RealTime Data Compression A comparison of Arithmetic Encoding with FSE
rANS notes The ryg blog
Getting back to my slow exposition track.
We talked before about how strings like "ABC" specify an ANS state machine. The string is the symbols that should be output by the decoder in each state, and there's an implicit cyclic repeat, so "ABC" means "ABCABC..". The cyclic repeat corresponds to only using some modulo of state in the decoder output.
Simple enumerations of the alphabet (like "ABC") are just flat codes. We saw before that power of two binary-distributed strings like "ABAC" are Huffman codes.
What about something like "AAB" ? State 0 and 1 both output an A. State 2 outputs a B. That means A should have twice the probability of B.
How do we encode a state like that? Putting in a B is obvious, we need to make the bottom of state be
a 2 (mod 3) :
x' = x*3 + 2
but to encode an A, if we just did the naive op :
x' = x*3 + 0
x' = x*3 + 1
we're wasting a value. Either a 0 or 1 at the bottom would produce an A, so we have a free bit there.

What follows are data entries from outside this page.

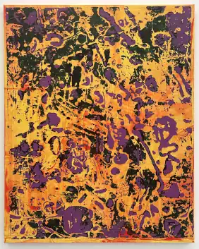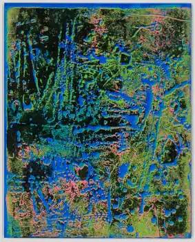 Since 2014, Maine's work has centered on the "Residue Paintings"—enveloping canvasses (some over 8' tall) of complex, all-over-style configurations of irregular drips, blobs and puddles.[24][1][8] For these works, Maine built a hinged construction that holds a large, flat plate made of plywood and polystyrene gouged and incised with fields of marks.[8][33] After applying a baseline layer of paint, he coats the plate in another color and stamps the entire canvas by pushing down or walking on the back of the plate, often making successive rounds of impressions using oppositional colors.[8][6] The process is intentionally imprecise, producing varied and unexpected effects.[1][6][24][34] Irregularities in coverage, pressure and alignment yield blends or transparent overlays of color, puckered and craquelure-patterned surfaces, and perceptual effects in which forms seem to hover, appear in relief or take on three-dimensionality (e.g., P17-0301, 2017).[8][6][21]
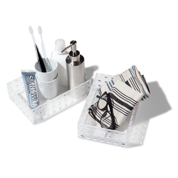 Organize drawers or desktop, in the bathroom, kitchen, or office. These handy bins can be stacked to optimize desk or countertop space for office supplies and cosmetics. To organize drawers, lay Bricks side by side, or stack in deeper drawers – the easy slide action makes everything accessible.
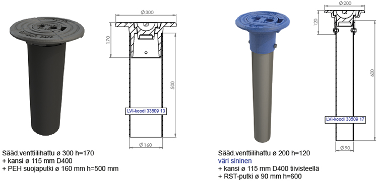 - saatavilla myös PEH suojaputkella ø 160 mm, h=500 mm
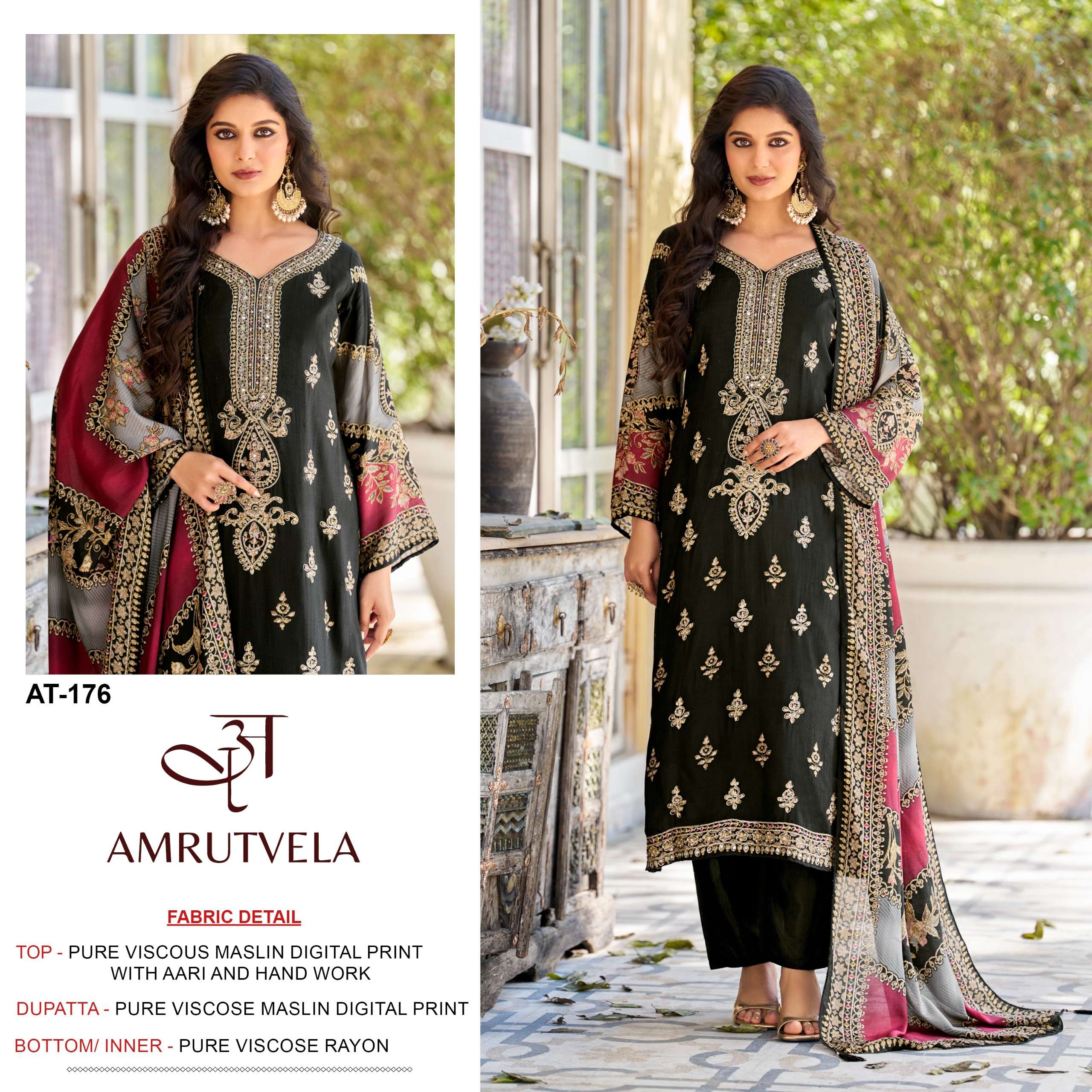Design number AT 176 by AMRUTVELA suit collection manufacturers surat
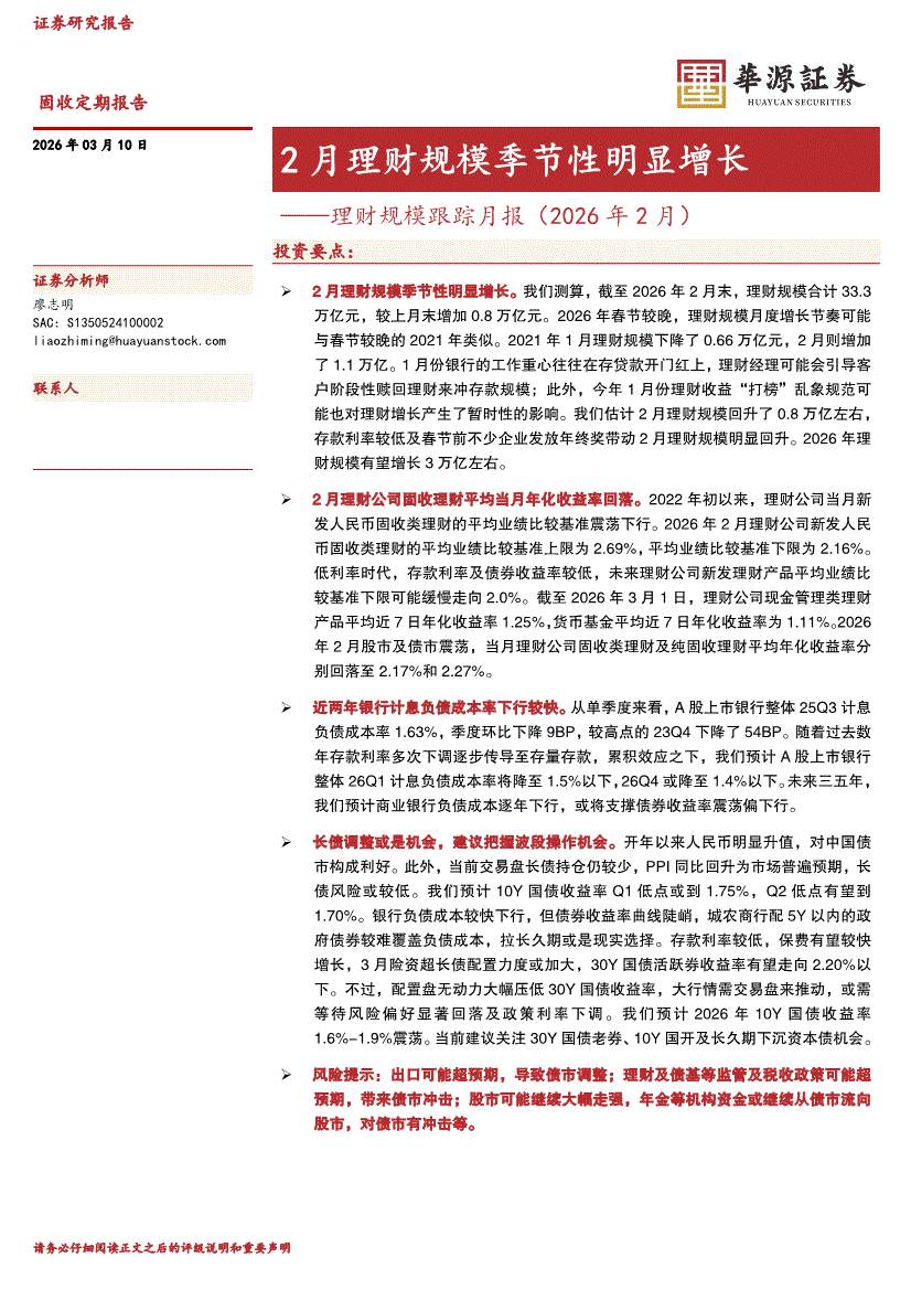 华源证券-理财规模跟踪月报(2026年2月):2月理财规模季节性明显增长-260310
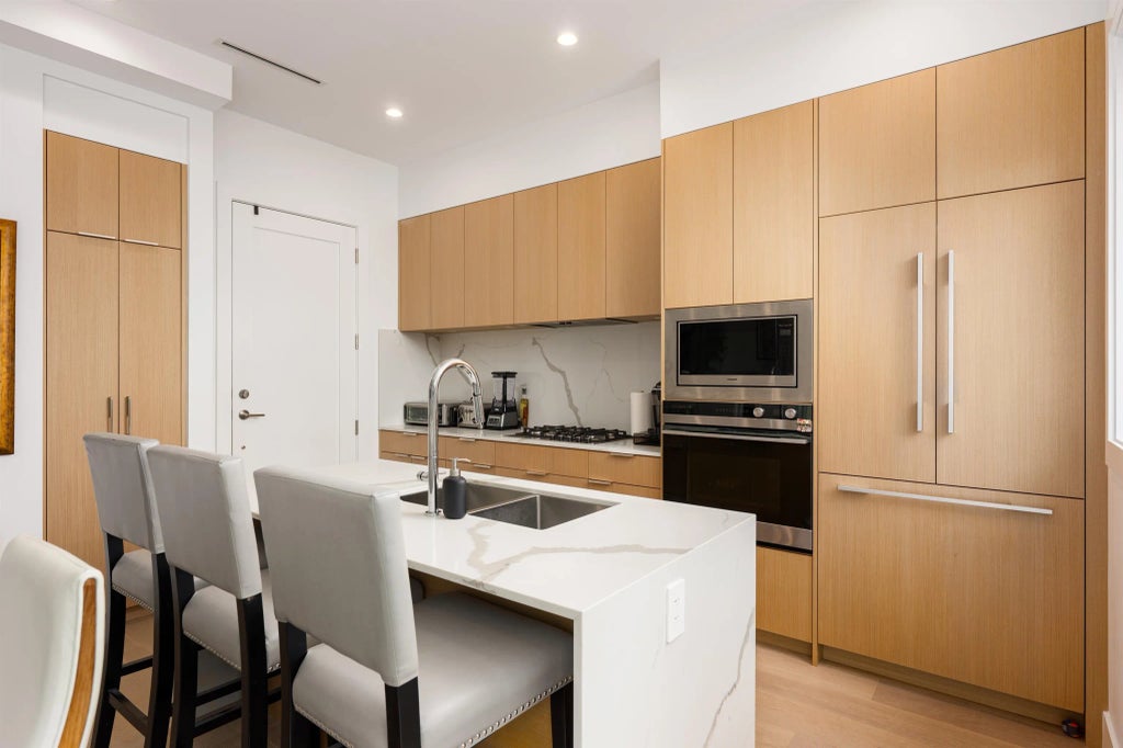 Rarely available!!! Well maintained 3 yrs young BACK unit of 1/2 duplex in Marpole area, 4 bedrooms 4 bathrooms sitting on a 36 feet wide lot. Open concept gourmet kitchen with stone counter top and island. High end appliance with panel matching fridge. Spacious living room with modern fireplace. Oversize patio door and window to enjoy the quiet private backyard. 2nd floor master bedroom ensuite with custom cabinet. In addition another 2 bedrooms and full bath. Top floor is a spacious bedroom w/ ensuite & covered balcony with city views. Single garage with EV, radiant heat, AC, HRV, security/camera system. Prime location close to Marine Gateway skytrain, T & T and schools. Must see.

We need to make use of that bit or we are wasting code space. So we need to find a random bit to transmit
to make use of that freedom. Fortunately, we have a value sitting
around that needs to be transmitted that we can pack into that bit - x!
take a bit off x :
b = x&1
x >>= 1
x' = x*3 + b
x' = (x/2)*3 + (x%2)
more generally if the output string is of length M and symbol s occurs Fs times, you would do :
x' = (x/Fs)*M + (x%Fs) + Bswhich is the formula for rANS.
Now, note that rANS always makes output strings where the symbols are not interleaved. That is, it can make "AAB" but it can't make "ABA". The states that output the same symbol are in consecutive blocks of length Fs.
This is actually not what we want, it's an approximation in rANS.
For example, consider a 3-letter alphabet and M=6. rANS corresponds to an output string of "AABBCC".
We'd prefer "ABCABC". To see why, recall the arithmetic coding formula that we wanted to use :
x' = (x/P) + C
the important part being the (x/P). We want x to grow by that amount, because that's what gives us
compression to the entropy. If x grows by too much or too little, we aren't coding with codelens that
match the probabilities, so there will be some loss.
P = F/M , and we will assume for now that the probabilities are such that the rational expression F/M
is the true probability. What we want is to do :
x' = (x*M)/F + C
to get a more accurate scaling of x. But we can't do that because in general that division will
cause x' to not fall in the bucket [Cs,Cs+1) , which would make decoding impossible.
So instead, in rANS we did :
x' = floor(x/F)*M + C + (x%F)
the key part here being that we had to do floor(x/F) instead of (x/P), which means the bottom bits of x are
not contributing to the 1/P scaling the way we want them to.
x = 7
F = 2
M = 6
P = 1/3
should scale like
x -> x/P = 21
instead scales like
x -> (x/F)*M + (x%F) = (7/2)*6 + (7%2) = 3*6 + 1 = 19
because we lost the bottom bit of 7 when we did (7/2)
In practice this does in fact make a difference when the state value (x) is small. When x is generally
large (vs. M), then (x/F) is a good approximation of the correct scaling. The closer x is to M, the
worse the approximation.
In practice with rANS, you should use something like x in 32-bits and M < 16-bits, so you have decent resolution. For tANS we will be using much lower state values, so getting this right is important.
As a concrete example :
alphabet = 3
1000 random symbols coded
H = 1.585
K = 6
6 <= x < 12
output string "ABCABC"
wrote 1608 bits
output string "AABBCC"
wrote 1690 bits
And a drawing of what's happening :
I like the way Jarek Duda called rANS the "range coder" variant of ANS. While the analogy is not perfect, there is a similarity in the way it approximates the ideal scaling and gains speed.
The crucial difference between a "range coder" and prior (more accurate) arithmetic coders is that the
range coder does a floor divide :
range coder :
symhigh * (range / symtot)
CACM (and such) :
(symhigh * range) / symtot
this approximation is good as long as range is large and symtot is small, just like with rANS.